Wrong. Thor beat Glory twice and killed him the second time.


----------



## Fang (Sep 7, 2011)

Show me Thor resisting transmutation without his head or brain.


----------



## Uncle Phantom (Sep 7, 2011)

Fang said:


> Show me Thor resisting transmutation without his head or brain.



Has the Bedlam Spirits transmutation worked on any being of Thor's level?


----------



## The Bite of the She-Wolf (Sep 7, 2011)

Thor said:


> Wrong. Thor beat Glory twice and killed him the second time.
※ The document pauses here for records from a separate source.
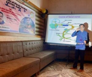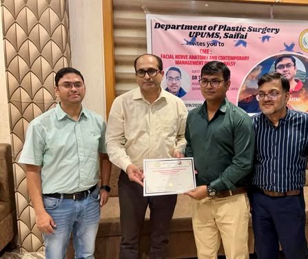 यूपीयूएमएस सैफई में प्लास्टिक सर्जरी विभाग द्वारा “फेसियल नर्व एनाटॉमी एंड कंटेम्पररी मैनेजमेंट ऑफ फेसियल पाल्सी” विषय पर एक अत्यंत रोचक एवं ज्ञानवर्धक सीएमई का सफल आयोजन किया गया। इस अवसर पर विभागाध्यक्ष डॉ. अतुल सक्सेना ने स्वागत भाषण देते हुए फेसियल रिइनिमेशन में प्लास्टिक सर्जरी की महत्वपूर्ण भूमिका पर प्रकाश डाला।
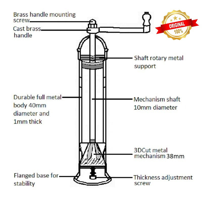 The ALEXANDER #103 Brass Pepper Mill features a 100% metal mechanism with a 38mm diameter and a 3DCut system designed to truly grind peppercorns, enhancing their flavor and aroma. Unlike common pepper mills that merely smash the peppercorns, this mill maximizes flavor release. The adjustable mechanism allows for fine to coarse grinding to match your recipe needs. Each mill offers ample space for your favorite dry seasonings and lets you grind directly over your food.
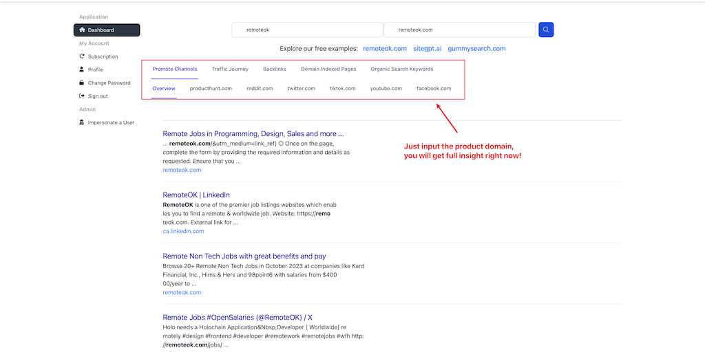 Discover promoting channels for any product in seconds, gain inspiration for growing your own product. With PromoteHunter you will have deeper insights into production promotion and SEO.
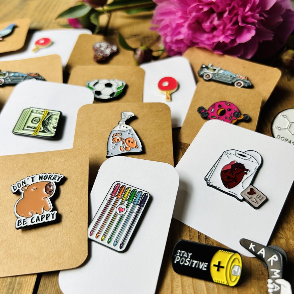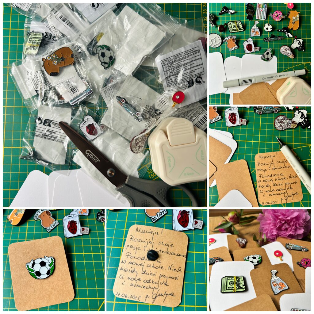 Moi wychowankowie w tym roku kończą pobytu w placówce i zamówiłam im te przypinki między innymi pod ich zainteresowania. Z tyłu na karteczce coś im od siebie napisała.

He didn't reverse to Donald Blake?


----------



## Banhammer (Sep 7, 2011)

Ben Grimm said:


> Yeah after three issues, but the fact remains he can be transmutated.



nhyeaaah

Loki sorts of gets a pass to do some feats like turning people into frogs and shit

Because it's Loki


----------



## Thor (Sep 7, 2011)

Fang said:


> Show me Thor resisting transmutation without his head or brain.



Show me proof that they can remove his head or brain.


----------



## Emperor Joker (Sep 7, 2011)

Charcan said:


> He didn't reverse to Donald Blake?



Actually he did, the reulting fight with Glory caused Thor so much damage combined with his fall to earth made him revert back to his mortal form.


----------



## The Bite of the She-Wolf (Sep 7, 2011)

Banhammer said:


> nhyeaaah
> 
> Loki sorts of gets a pass to do some feats like turning people into frogs and shit
> 
> Because it's Loki



Loki transmutated Bor for thousands of years.


----------



## Thor (Sep 7, 2011)

Charcan said:


> He didn't reverse to Donald Blake?



He did, but only because he was exhausted.




Emperor Joker said:


> Actually he did, the reulting fight with Glory caused Thor so much damage combined with his fall to earth made him revert back to his mortal form.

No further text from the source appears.